生き別れ

荒木涼子「袴田さん 58年会えぬ息子」『毎日新聞』2024年9月23日


袴田巌さん*1 の息子について。
再審無罪判決の前の記事。


やり直しの裁判(再審)の判決を控えた9月上旬の晩。浜松市の自宅にいた袴田さんの姉秀子さん(91)は、袴田さんから手のひらサイズのクマのぬいぐるみを渡された。袴田さんは息子の名前を挙げて、言った。
「あした、うちに来るで(来るから)、渡してくれ」
日中、ドライブに出掛けた袴田さんは、立ち寄った先でぬいぐるみを買い、胸ポケットに収めて帰宅していていた。
翌日、息子が訪ねてくることはなかった。袴田さんが、なぜ「うちに来る」と言い出したのかは分からない。プレゼントは、息子に渡されないまま、今も秀子さんの自宅の棚に置かれている。

58年前に袴田さんが逮捕された後、息子は一時、秀子さんの家に身を寄せていた。物心がつく前だった。テレビで事件のニュースが流れると、無邪気に「お父ちゃん、お父ちゃん」と袴田さんの顔写真を指さしていたという。
公判中の袴田さんが家族に宛てた手紙には、息子に関する記述が散見される。
「息子や、婆々を困らせないように」
「息子のこと、お願いします」
「(息子を)動物園に連れて行ったとのこと」「眼を光らせた(輝かせた)と思います」
袴田さんは裁判で一貫して冤罪を訴えたが、68年9月、静岡地裁で死刑を言い渡された。
秀子さんら親族は、袴田さんの息子を児童養護施設に預けることにした。
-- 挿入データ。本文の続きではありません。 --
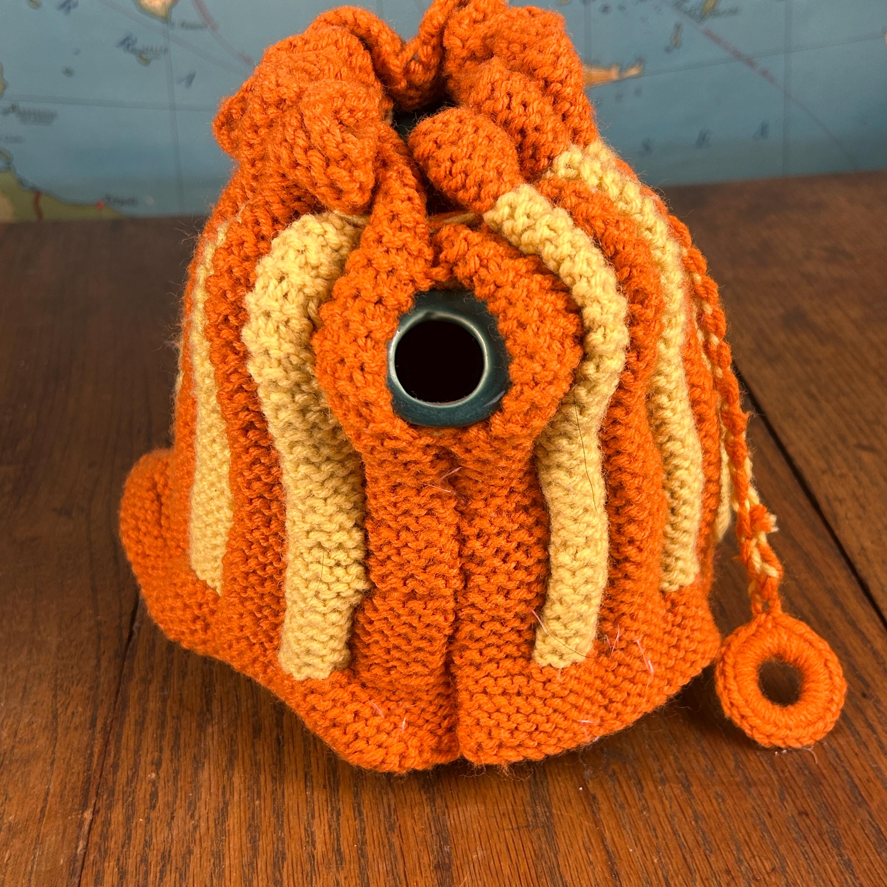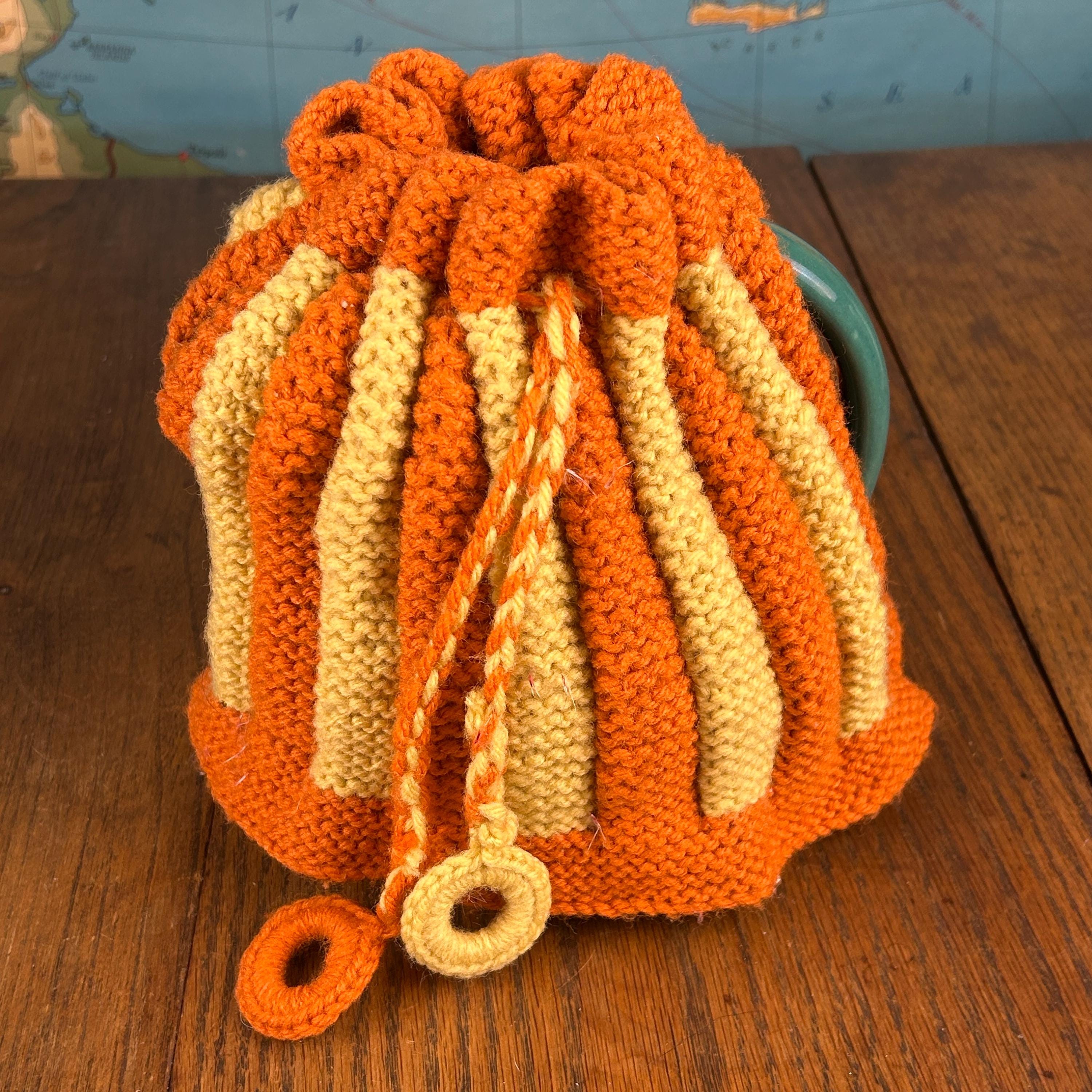 This charming vintage hand-knit tea cosy is made in the classic “bachelor cosy” style — designed so the handle and spout of the teapot remain exposed. The playful name comes from the idea that a tea-drinking gentleman could pour without removing the entire cosy!

「事件から離れて、別の人生を歩んでほしい」との思いからだった。
袴田さんも受け入れ、秀子さんに「(施設の)先生によろしく」とメッセージを託したという。

およそ30年前の出来事だ。袴田さんは久しぶりに拘置所で秀子さんと顔を合わせた。どこで聞きつけたのか、息子が結婚したことを知っていて、秀子さんに「どんな人と結婚しただ?」と問うた。困った秀子さんは「いくら冤罪でも、父親がこんなところにいるって(息子には)言えん」と漏らした。以後、袴田さんは息子のことを一切、口にしなくなったという。
釈放後の話;

超長期の拘禁症状もあって、妄想と現実の間を行き来する状態は今も続くが、目に見える変化もあった。袴田さんの言動に、息子に対する愛情が現れるようになってきたことだ。秀子さんの目には、日に日に強まっているように映る。
小さい子どもが自宅を訪ねてきたり、街中で話しかけてきたりすると、袴田さんは時々「お小遣い」と称してお金を渡す。
秀子さんは「巌の中では息子は小さい時のまま。子どもたちと息子の姿を重ね合わせているのではないか」と推測する。
秀子さんによると、袴田さんはこの1~2年、時折、ブツブツしゃべりながら、顔をほころばせる。その様子に気が付いた支援者が「どうしたの?」と聞くと、袴田さんが息子との名前を呼んだこともあったという。

秀子さんは数年前、人づてに、袴田さんの息子が元気に暮らしていることを聞いた。
息子は自分の父が袴田さんであることは知っているが、事件時の記憶はないと説明しているという。